Парень прыснул по рива дель Вин, затерялся в толпе в один момент, как и не было его. А Гонза тем временем со всей силы ментально врезал ктырю. Сиди, тварь, жди, пока позовут. А когда поднял глаза, внезапно встретился взглядом с пожилым рыбаком, торгующим стеклянной мелочью с лотка.

— Напрасно вы столь сердобольны, синьор, — отчетливо проскрежетал, обращаясь именно к Грушецкому, тот, состоящий сплошь из морщин, узлов сухожилий, выбухающих суставов, — напрасно… Не про вас это. Малец того не стоит, надо было прикончить.

И прищелкнул с досадой… пальцами?

А после морщины сползли, воздух расслоился, и Гонза увидел вместо старческой пясти белесоватую хитиновую клешню.

Вот с этим он теперь и работал.

В Венеции непременно надобно, чтоб тебя обсчитали на Риальто, а то что ты как неродной? Знаешь, что обойдут, но не позволяешь сильно обворовать — в этом консенсус. Здесь, за мостом, близ рынка, копились странные кустарные лавочки со всякой всячиной, от стекла до копченой рыбы, от дынь до ювелирки. Пахло подкисшими фруктами, заскорузлым морем и ароматами обработанной дорогой кожи. Но и от той кожи слюнки текли скорейше, ибо тело воспринимало ее как еду. На Риальто всегда думаешь о еде. О неизбежной цене ее и воспроизводстве. О щедрости плоти и о скудости платы за эту плоть — тут тебе отдают всегда больше, чем можешь отдать в деньгах ты. Чем описать плотность, влажность, хрупкость, хрусткость, упругость рыбьих тел, совершенство их блеска, претворяющееся в торжество вкуса? В рыбных рядах на Риальто за прилавками то тут, то там копошились крабы и раки-богомолы, и такое себе было это чувство, прохладненькое, когда клешни или булавы проносились у носа ничего не подозревающего покупателя, и сперва Грушецкий подвисал, не понимая, почему видит их… потом дошло, хитин-то тот же, хотя и влажный, потому и видит. Венеция — жемчужина морей, и население у нее не сухопутное отнюдь, почему бы было иное? Засмотрелся, залипнув, когда древний краб, обросший ракушечником, отвешивал креветок туристке, да еще флиртовать и пошучивать изволил вполне человечьим образом… В рядах мясников пошевеливала жвалами самка слепня. Окруженный грудами дынь, подобно грудям Артемиды Эфесской, сидел, одуревший от сладкого запаха, захлебывающийся слюнями пухленький самец дрозофилы и ласково улыбался покупательницам. Просто праздник какой-то. Пир для глаз, услада ума. Гонза и не рассчитывал на веселые картинки, поднесенные Светлейшей. Увидев раз, выключить зрение уже не получалось. И смотрел, смотрел, проталкивался к прилавкам и от них, лениво вступал в разговоры — диалектное беглое «л» стекало с его языка очень по-венециански — обсуждал погоду, природу, улов, улыбался синьорам, как местный.
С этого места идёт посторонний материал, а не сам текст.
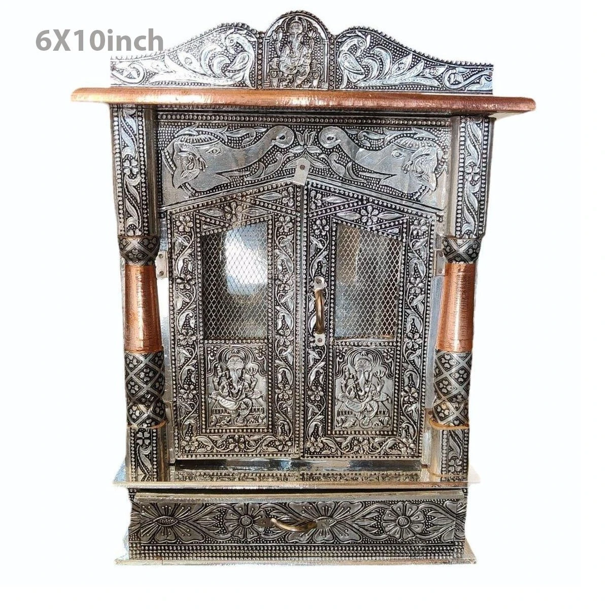 This is a beautiful, handcrafted Pooja Mandir, perfect for your home. It measures 6x10 inches and features intricate silver detailing with copper accents. It has a drawer at the bottom for storage.
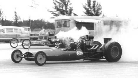 Grumpy's original Vega had these unique headers that exited the sides. Photo courtesy of the Flyin' Phil Archives

Местные тоже посматривали — и некоторые отступали с опаской, не зная, чего от него ожидать. Он же, посмеиваясь их настороженности, просачивался меж прилавками и утекал прочь. Туда, где лежали на воде копченые бока гондол в синих презервативах чехлов.
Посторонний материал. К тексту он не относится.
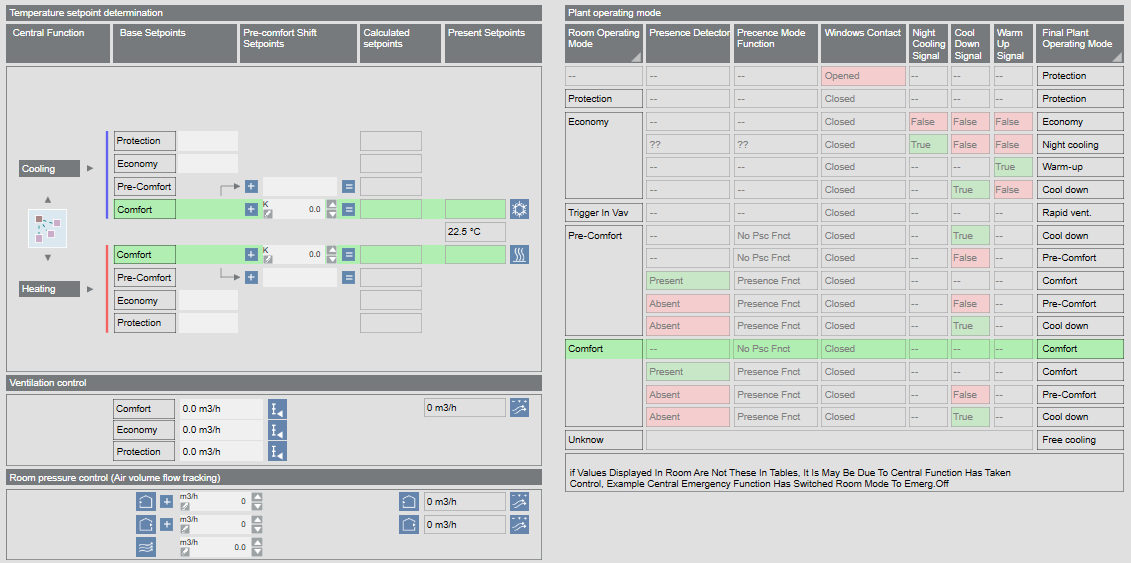 - Plant operating mode and Temperature setpoint determination are displayed.
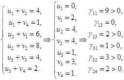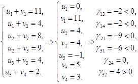 Итак, видно что в число занятых клеток следует ввести клетку (2,1).

На рецепции взглянули на него странно — в первый момент — очень уж неприютен был, чужд под обратными пальмами хрустальных люстр, на коврах, у резной стойки черного дуба, но потом он улыбнулся. Это работало, как идеальная отмычка, как пароль на вход, даже и на мужчин. Разговаривая с людьми, всегда улыбайся… Заглянул в номер, поводил рыльцем, остался доволен. Еще полсуток до того, как встречать, прицельно и на сей раз искренне светить улыбочкой, гулять, проводить время вместе. Передышка перед войной, как и всегда. Войдя к себе, сожмурился на тускло-блескучую позолоту, бросил рюкзак у дверей. Электрический свет ампирной люстры безжалостно выхватил тридцать литров жизни в контрастное пятно, и оно выглядело на интерьерах палаццо так сиротливо и убого, что… Ничего. Выключил свет, вышел вон, вернулся в Венецию. Пробежаться налегке, до того, как наступит ночь — вот чего живительно не хватало. Вырулив на калле дель Роза, кинул взгляд через Большой канал к Золотому дому, заплатил туристскую пошлину праздного любопытства и неспешно направился большим кругом, вернувшись по набережным к Риальто.
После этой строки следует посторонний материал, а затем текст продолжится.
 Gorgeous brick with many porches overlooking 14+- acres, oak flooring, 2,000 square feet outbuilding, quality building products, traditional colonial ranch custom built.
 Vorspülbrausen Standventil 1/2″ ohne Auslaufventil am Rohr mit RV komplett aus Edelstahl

Замереть на мосту Риальто, окунаясь всем собой, не зрением только, в лазурь и в простор, как в женщину. В нем, скоростном как лучший истребитель, со временем проявилась эта способность — замереть и остановиться, бездумно залипнув в вязком воздухе на долгие минуты, зависнуть в стоп-кадре и, как двукрылое потирает лапки, пробуя на вкус мир, так отдаться работе воображения и анализа. Ничего не происходило извне, всё только внутри.

Время позволяло, никуда не торопился.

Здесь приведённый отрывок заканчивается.